August 14, 2023
A big change in the past couple years affecting a lot of whitetail hunters has been the new attitude some states are taking toward centerfire rifles. Some states that were shotgun only—or shotgun, muzzleloader or handgun only—have relaxed their stances to allow straight-wall rifle cartridges.
One such state is Illinois, which incidentally produces some monster bucks. Effective this year, hunters will be able to use centerfire rifles in certain calibers—mostly straight-walls but also a few bottlenecks like .300 BLK. The catch? The rifles have to be single-shots.
Ruger was quick to seize on the opportunity afforded by the new law and has designed the One-Shot Sled ($25) for its popular American rifle. It’s for short actions only and handles such deer-centric, Illinois-legal straight-walls as .350 Legend and .450 Bushmaster, along with .300 BLK.
Aside from the Illinois angle, some hunting mentors prefer that their charges use single-shot rifles—for safety or perhaps to instill an “it’s the first shot that counts” mentality. If this describes you or someone you know, Ruger says the sled has been tested to function with .204 Ruger, .223, .22-250, .243, 6mm Creedmoor, 6.5 Creedmoor, 6.5 Grendel, 7mm-08 and 7.62x39.
I happened to have an American Ranch in .450 Bushmaster on hand for another project, so I was able to play with the new sled as well. It comes as a kit complete with sled, magazine well, action screws and an Allen wrench.

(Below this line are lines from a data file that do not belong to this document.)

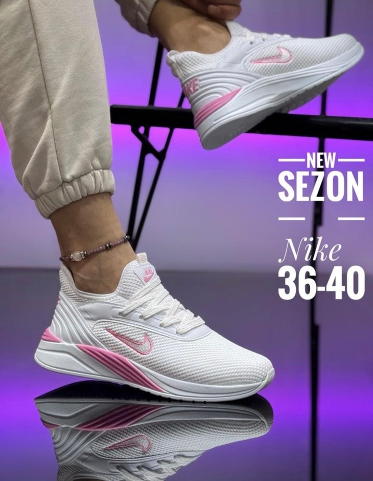 Nike beyaz spor ayakkabı, bağcıklı ve açık pembe detaylı, kauçuk tabanlıdır. 36-40 numara arası, spor ve sokak stili için uygundur.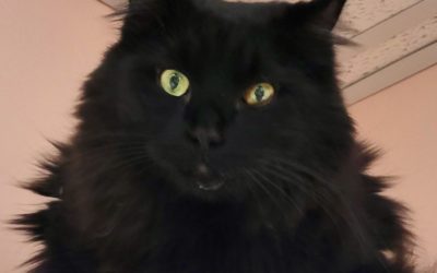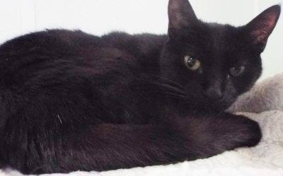 I’m as dark as a moonless night, but I have the softest fur in town! I’m waiting for a new place to call “home” since my humans could no longer care for me. My long coat needs daily grooming – and not just from me! Also, I’m a special kitty with a condition called FIC (Feline Idiopathic Cystitis). My condition is manageable through diet and a calm, predictable environment (same food, schedule, and rest). I have lived with another cat and two seniors since kittenhood. A volunteer described me as “very sweet.” If you’re looking for a quiet, yet sociable cat – come find me in my dome bed!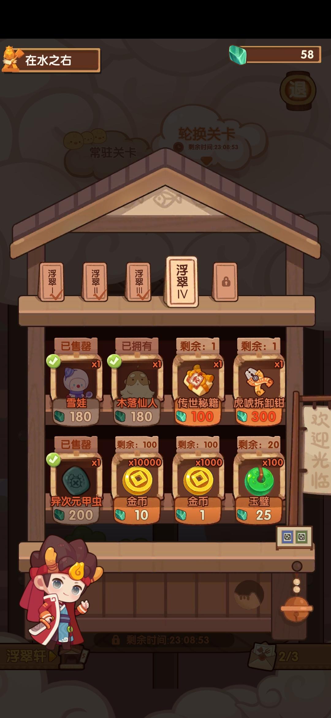 很好奇啊,这一次的活动商店能掏空吗。每天一张邀请函,最多获得60浮翠,加上每天免费的5个,轮换关卡还剩三个,最多540,合起来掏空第4个商店都难,那么要开第5个商店是一定要氪金吗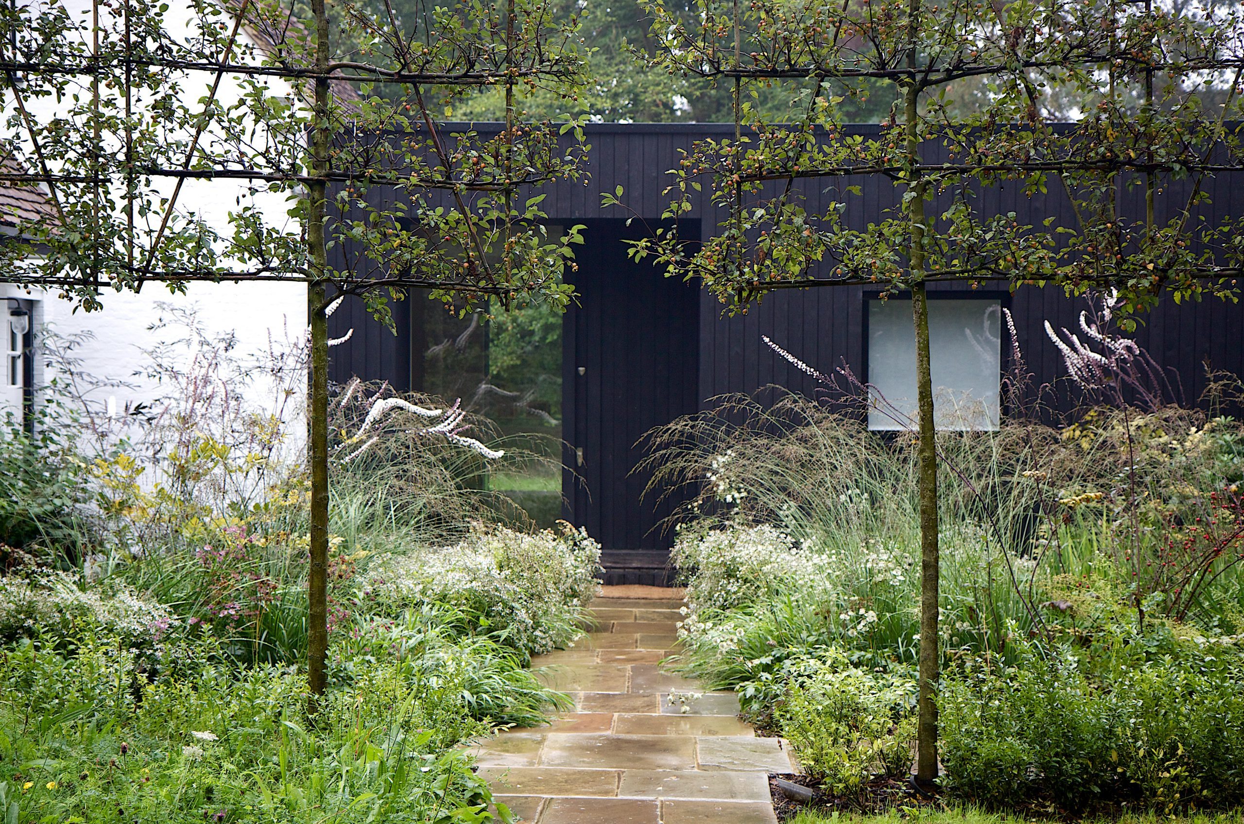 Reclaimed York-stone slabs sit comfortably in the garden we designed for this country house, seeming to marry well with the planting in each season, and displaying a new palette of colours with every shower of rain.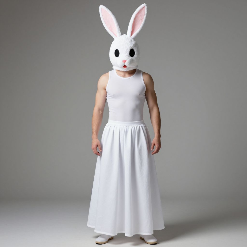 Easter Drama Costume, man in a costume with a rabbit head and a long skirt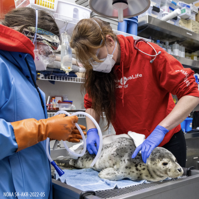 ASLC contacted the National Oceanic and Atmospheric Administration (NOAA), which oversees seal strandings. After consultation with the local stranding agreement holder for the area, Nome's local tribal consortium, Kawerak Inc., and the Ice Seal Committee (ISC), the Alaska Native Organization that co-manages ice seals with NOAA, the decision was made to transport the animal to ASLC for urgent care.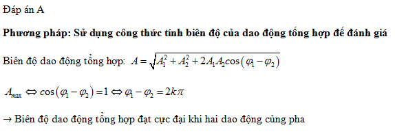 Cho 2 dao động điều hòa cùng phương, cùng tần số có phương trình x1 = A1cos(ωt +φ1); x2 = A2cos(ωt + φ2). Biên độ dao động tổng hợp có giá cực đại khi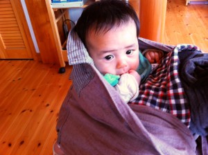 百日記念の初おんぶ 投稿日時: 2012年4月15日 投稿者: Yamada@Hills 4月15日。岳 生後百日記念日です! そして初のおんぶ! でも、気に入らないのか泣き叫んでました。 泣き止んでも目には未だ涙が。(^_^;)

In the case of this particular model, which already uses a Ruger short-action magazine, installation was simply a matter of removing the three-round factory mag and replacing it with the sled. The sled can be removed by pressing in on a tab at the front.
For Americans with mag wells meant for AR- or Mini Thirty-pattern magazines, replace the current well with the one that comes with the kit and tighten the action screws. Insert the front of the sled into the well, then rotate the back of the sled up until the magazine catch snaps into position.
For Americans set up to take AI-pattern magazines, you first have to remove the magazine latch in order to access the rear action screw. Drive out the latch pin, then remove the latch and spring. Follow the steps for AR or Mini Thirty magazines to complete.
In the case of this test rifle, the sled does rattle a bit, but not annoyingly so. And as an added benefit, because the sled fits flush—unlike the magazine that comes with the rifle—it makes one-hand carry a lot nicer.
Feeding was 100 percent reliable, as you would expect. Just slide a cartridge into the ejection port, close the bolt and you’re ready to shoot.
Ruger is a smart company, and with the One-Shot Sled it has given Illinois whitetail hunters a lot of incentive to pick up an American. In the right caliber it would give them the flexibility to hunt with it as a single-shot in their home state and as a repeater in a state without the one-shot restriction.
And as mentioned, those who want their younger or newer hunters to start with a single-shot will benefit as well thanks to the number of chamberings the sled can accommodate—whether for varmint hunting or thin-skinned big game. And that applies to a lot more states than just Illinois. Everybody wins.